Beyond my domain, I leaned ahead

   to cross the slope

      under a brazen sky.

In the chill of dawn, I stopped.

 

The apparition…

A bull appeared.

 

He turned his horns to me,

showed no fear,

no gaze of knowing,

no sentient nod,

he stepped away…

 

Another creature shambled near,

regarded me with innocence,

and scarcely paused,

his brawny flank rippling slowly

   as he passed on…

 

I stretched my eye

   to the scant egress

      of these beasts with iron mien.

Indeed, I had not crossed the path

   of a rambling herd.

 

I chanced to find

   the portal of an ancient furnace of the gods,

who took such wild ores as they desired,

and stoked their smokeless fires

   behind the frosted mist,

and conjured life,

and smelted the great brutes—

   cold-forged in the chill of dawn—

      who stepped heavily across my path

         and did not mistake me

            for their kind.

 

January 7, 2020

Inspired by this quotation:

“I had seen a herd of buffalo, 129 of them, come out of the morning mist under a copper sky, one by one, as if the dark and massive, iron-like animals with the mighty horizontally swung horns were not approaching but were being created before my eyes and sent out as they were finished.”

by Isak Dinesen

in Out of Africa (1938)

 

My poem “Revelation” was published in my sixth collection of 73 poems, Above all: Poems of dawn and more.

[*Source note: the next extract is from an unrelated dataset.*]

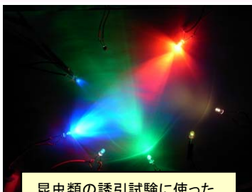
昆虫類の誘引試験に使ったLEDから発する様々な光
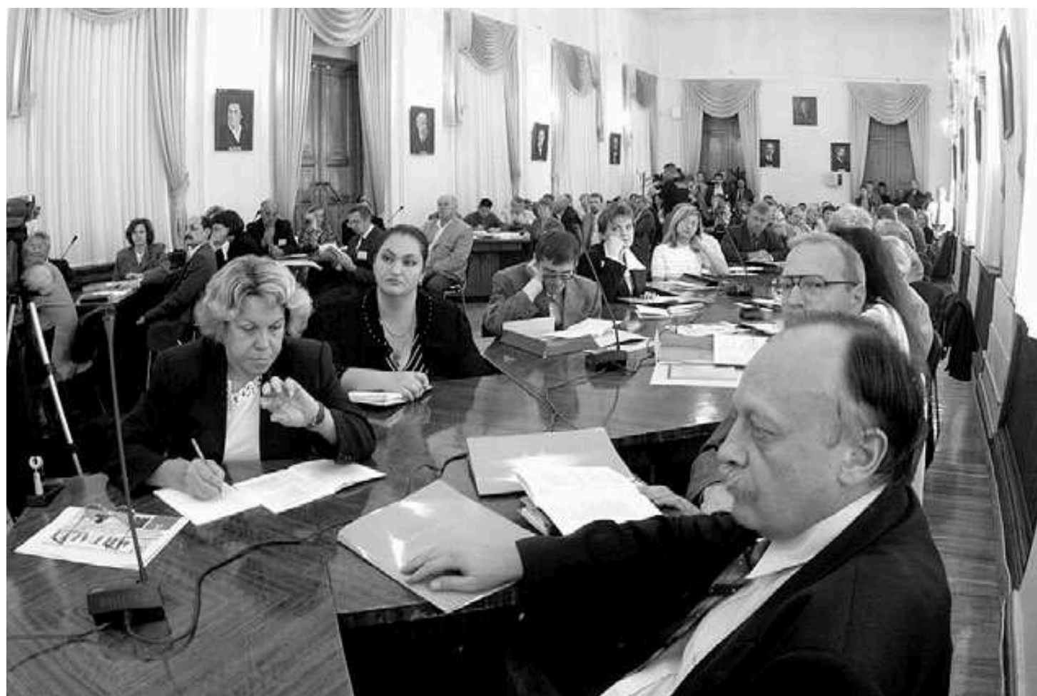
Під час проведення міжнародної науково-практичної конференції «Історія німців Причорномор'я та українсько-німецькі культурні зв'язки» в м.Одесі

Вся ця діяльність формує особливий морально-психологічний клімат толерантності, що дозволяє не просто співіснувати представникам різних національностей, а плідно, конструктивно взаємодіяти, створювати спільне життя, сприяти сталому розвитку регіону.

You can buy it on Amazon (paperback and Kindle),

or get it free in Kindle Unlimited, search for “Richard Carl Subber”

“Revelation” also was published in my fifth collection of 53 poems, My first name was rain: A dreamery of poems.

You can buy it on Amazon (paperback and Kindle),

or get it free in Kindle Unlimited, search for “Richard Carl Subber”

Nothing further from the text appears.